Случилось это в дождливый день после полудня. В одном из залов картинной галереи я обнаружил картину, написанную маслом. «Обнаружил» — сказано, пожалуй, слишком сильно, впрочем, что мне мешает так именно и сказать: ведь только эта картина висела в полутемном углу, только она была в ужасающе бедной раме; картину повесили и словно тут же о ней забыли. Картина называлась «Трясина», автор не принадлежал к числу известных. И сама картина изображала всего-навсего ржавую воду, сырую землю да еще траву и деревья, густо растущие на этой земле; в ней не было ровным счетом ничего, на чем мог бы остановить взгляд обычный посетитель.

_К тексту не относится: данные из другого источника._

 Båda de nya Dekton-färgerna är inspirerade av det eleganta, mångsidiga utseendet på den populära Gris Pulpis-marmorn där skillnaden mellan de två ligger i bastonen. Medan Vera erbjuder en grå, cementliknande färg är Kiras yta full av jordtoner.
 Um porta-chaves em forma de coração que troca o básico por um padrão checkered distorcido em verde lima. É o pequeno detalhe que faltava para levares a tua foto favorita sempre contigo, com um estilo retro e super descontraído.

Странно, но художник писал столь густую растительность, совершенно не пользуясь зелеными красками. Тростник, тополя, фиги — все это было грязно-желтого цвета. Какого-то гнетущего желтого цвета, цвета сырой глины. Действительно ли художник так видел зелень? Или ему почему-либо нравился этот цвет и он нарочно усиливал его? Я стоял перед картиной потрясенный, и этот вопрос все время мучил меня.

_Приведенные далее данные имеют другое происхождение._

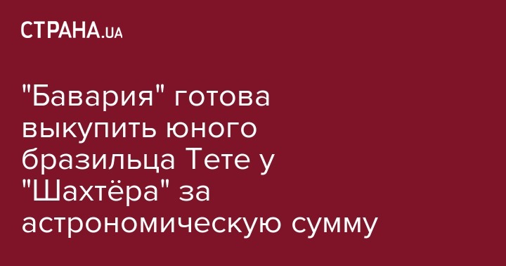 Немецкий клуб "Бавария" готова заплатить за 19-летнего футболиста Тете 50 млн евро, которую раньше озвучил агент юного бразильца, который выступает за донецкий "Шахтёр".

И постепенно, чем больше я в нее вглядывался, тем яснее понимал, какую она страшную таит в себе силу. Особенно земля на переднем плане, — земля была написана до того убедительно, что вы явственно ощущали, как ступает по ней ваша нога, как с тоненьким всхлипом увязает по самую лодыжку в гладкой дрожащей жиже.

За небольшой картиной маслом я разглядел несчастного ее художника, который стремился возможно острее показать самую суть природы. Эта желтая болотная растительность внушала мне такое же трагическое, такое же глубокое, рождающее восторг чувство, какое внушает всякое выдающееся творение искусства. Среди множества больших и небольших картин, заполнивших галерею, не нашлось бы ни одной равной этой по силе.

— Вы, кажется, в восторге? — Чья-то рука хлопнула меня по плечу, и я с таким чувством, словно меня бесцеремонно разбудили, обернулся. — Ну, как вам эта штука?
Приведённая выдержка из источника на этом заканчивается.